Problem details -> What to return is the tail of the data, from the line that contains "Biblia hebrea con" down to the last line, copied exactly.

Records ->
━━━━━━━━━━━━━━━━━━━━

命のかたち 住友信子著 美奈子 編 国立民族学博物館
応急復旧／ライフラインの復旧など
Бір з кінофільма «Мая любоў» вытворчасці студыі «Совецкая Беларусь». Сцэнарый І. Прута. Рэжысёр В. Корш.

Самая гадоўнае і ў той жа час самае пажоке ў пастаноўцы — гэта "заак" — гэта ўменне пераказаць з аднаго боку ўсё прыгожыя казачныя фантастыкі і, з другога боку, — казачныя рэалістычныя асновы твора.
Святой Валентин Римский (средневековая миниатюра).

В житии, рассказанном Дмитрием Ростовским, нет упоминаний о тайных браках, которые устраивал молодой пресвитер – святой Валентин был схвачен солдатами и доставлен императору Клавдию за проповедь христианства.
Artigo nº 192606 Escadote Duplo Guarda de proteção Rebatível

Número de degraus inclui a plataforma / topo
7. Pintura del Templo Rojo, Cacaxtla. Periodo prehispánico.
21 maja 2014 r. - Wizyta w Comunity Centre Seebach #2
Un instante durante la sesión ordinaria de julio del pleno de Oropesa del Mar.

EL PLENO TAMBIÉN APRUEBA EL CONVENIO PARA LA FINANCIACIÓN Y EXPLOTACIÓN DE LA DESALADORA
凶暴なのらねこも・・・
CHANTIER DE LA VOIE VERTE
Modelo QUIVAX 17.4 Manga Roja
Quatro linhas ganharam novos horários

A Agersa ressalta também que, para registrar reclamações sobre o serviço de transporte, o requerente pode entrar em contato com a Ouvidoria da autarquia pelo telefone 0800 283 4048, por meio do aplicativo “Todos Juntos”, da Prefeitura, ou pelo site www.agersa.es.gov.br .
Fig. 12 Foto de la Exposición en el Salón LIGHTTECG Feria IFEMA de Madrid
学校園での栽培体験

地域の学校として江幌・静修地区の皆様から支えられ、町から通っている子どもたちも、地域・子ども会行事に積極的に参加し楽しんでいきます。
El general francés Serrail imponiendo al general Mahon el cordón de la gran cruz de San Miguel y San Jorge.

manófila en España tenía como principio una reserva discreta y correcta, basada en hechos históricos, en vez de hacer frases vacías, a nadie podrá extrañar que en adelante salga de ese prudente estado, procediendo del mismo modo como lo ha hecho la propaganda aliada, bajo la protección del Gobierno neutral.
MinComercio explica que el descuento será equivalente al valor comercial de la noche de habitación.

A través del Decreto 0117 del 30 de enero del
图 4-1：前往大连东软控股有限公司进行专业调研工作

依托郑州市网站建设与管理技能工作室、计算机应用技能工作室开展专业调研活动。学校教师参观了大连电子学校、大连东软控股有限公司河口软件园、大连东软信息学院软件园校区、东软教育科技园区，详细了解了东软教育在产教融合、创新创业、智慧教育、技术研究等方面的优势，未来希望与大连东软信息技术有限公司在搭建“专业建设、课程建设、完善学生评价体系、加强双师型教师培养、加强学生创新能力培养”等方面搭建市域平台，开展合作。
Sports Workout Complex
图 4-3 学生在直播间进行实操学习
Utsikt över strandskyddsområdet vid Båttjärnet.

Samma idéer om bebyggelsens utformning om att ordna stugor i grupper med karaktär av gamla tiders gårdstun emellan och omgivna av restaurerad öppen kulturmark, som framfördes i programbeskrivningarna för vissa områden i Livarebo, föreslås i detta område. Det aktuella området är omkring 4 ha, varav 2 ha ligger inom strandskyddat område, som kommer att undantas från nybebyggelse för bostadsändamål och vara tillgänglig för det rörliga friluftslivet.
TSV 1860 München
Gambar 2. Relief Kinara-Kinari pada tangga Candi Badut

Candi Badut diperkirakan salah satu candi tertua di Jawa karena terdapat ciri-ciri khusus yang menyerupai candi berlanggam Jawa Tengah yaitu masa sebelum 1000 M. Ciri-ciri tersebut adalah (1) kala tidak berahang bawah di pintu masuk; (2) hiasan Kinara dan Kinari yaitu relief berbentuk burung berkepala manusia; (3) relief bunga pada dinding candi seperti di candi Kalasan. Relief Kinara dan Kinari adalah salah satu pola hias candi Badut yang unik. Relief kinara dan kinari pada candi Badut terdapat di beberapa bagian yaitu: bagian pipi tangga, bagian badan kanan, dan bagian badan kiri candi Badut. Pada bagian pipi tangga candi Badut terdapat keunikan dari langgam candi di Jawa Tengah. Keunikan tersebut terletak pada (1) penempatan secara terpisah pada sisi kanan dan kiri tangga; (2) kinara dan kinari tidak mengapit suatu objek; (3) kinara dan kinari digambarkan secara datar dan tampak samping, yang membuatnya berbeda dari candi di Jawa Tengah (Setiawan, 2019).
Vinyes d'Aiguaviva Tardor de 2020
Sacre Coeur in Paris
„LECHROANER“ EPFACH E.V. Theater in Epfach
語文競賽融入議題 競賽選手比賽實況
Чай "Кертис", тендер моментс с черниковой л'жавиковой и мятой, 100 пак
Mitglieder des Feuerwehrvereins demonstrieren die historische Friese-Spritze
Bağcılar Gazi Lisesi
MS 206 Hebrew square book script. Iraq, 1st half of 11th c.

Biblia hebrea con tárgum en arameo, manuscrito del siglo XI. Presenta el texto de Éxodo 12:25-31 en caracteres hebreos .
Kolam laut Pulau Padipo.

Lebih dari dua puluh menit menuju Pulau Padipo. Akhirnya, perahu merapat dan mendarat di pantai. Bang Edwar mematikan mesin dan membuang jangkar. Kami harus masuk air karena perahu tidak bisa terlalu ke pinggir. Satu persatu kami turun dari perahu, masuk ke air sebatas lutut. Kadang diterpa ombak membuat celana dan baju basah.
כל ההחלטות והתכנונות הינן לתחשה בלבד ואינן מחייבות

━━━━━━━━━━━━━━━━━━━━

Written answer ->
Biblia hebrea con tárgum en arameo, manuscrito del siglo XI. Presenta el texto de Éxodo 12:25-31 en caracteres hebreos .
Kolam laut Pulau Padipo.

Lebih dari dua puluh menit menuju Pulau Padipo. Akhirnya, perahu merapat dan mendarat di pantai. Bang Edwar mematikan mesin dan membuang jangkar. Kami harus masuk air karena perahu tidak bisa terlalu ke pinggir. Satu persatu kami turun dari perahu, masuk ke air sebatas lutut. Kadang diterpa ombak membuat celana dan baju basah.
כל ההחלטות והתכנונות הינן לתחשה בלבד ואינן מחייבות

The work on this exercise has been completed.